Down Syndrome Congenital Chromosomal Disorder Biology Essay

Published: Last Edited:

This essay has been submitted by a student. This is not an example of the work written by our professional essay writers.

Down syndrome is a congenital disorder that is caused by a superfluous chromosome. Downs syndrome is the most common cause of deformity and mental retardation in an infant (Frey 1206). There are three different types of Down syndrome: Free trisomy 21(or Trisomy 21), Translocation, and Mosaicism.
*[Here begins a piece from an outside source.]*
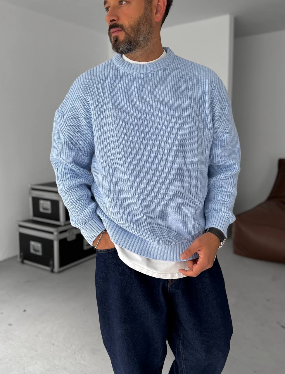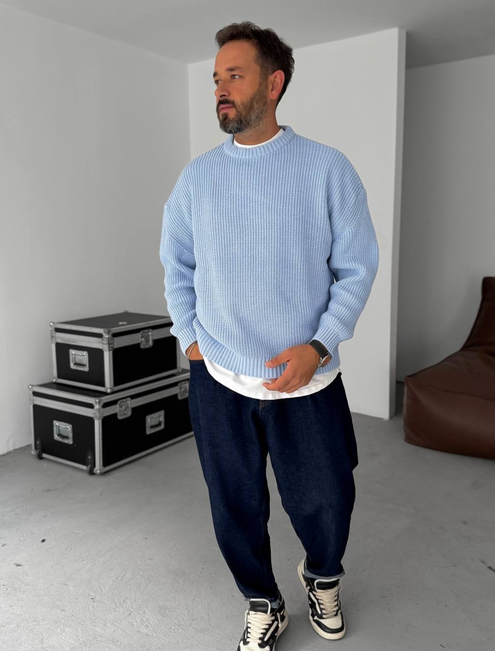Чоловічий Базовий В’язаний Блакитний Светр Бавовна Оверсайз

In this paper I will be specifically focusing on Trisomy 21. The fact that Down's syndrome is caused by the existence of another partial or whole extra 21st chromosome is the reason why it can also be called Trisomy 21. As a result of having three 21st chromosomes this would give a patient who has Trisomy 21 forty-seven chromosomes, instead of a normal total of 46 chromosomes. Within the United States there is an estimated 6,000 children born with Down's syndrome every year (Frey 1206). Statistically this breaks down to about 1 out of every 800 infants that are born with Trisomy 21(Driscoll 2556).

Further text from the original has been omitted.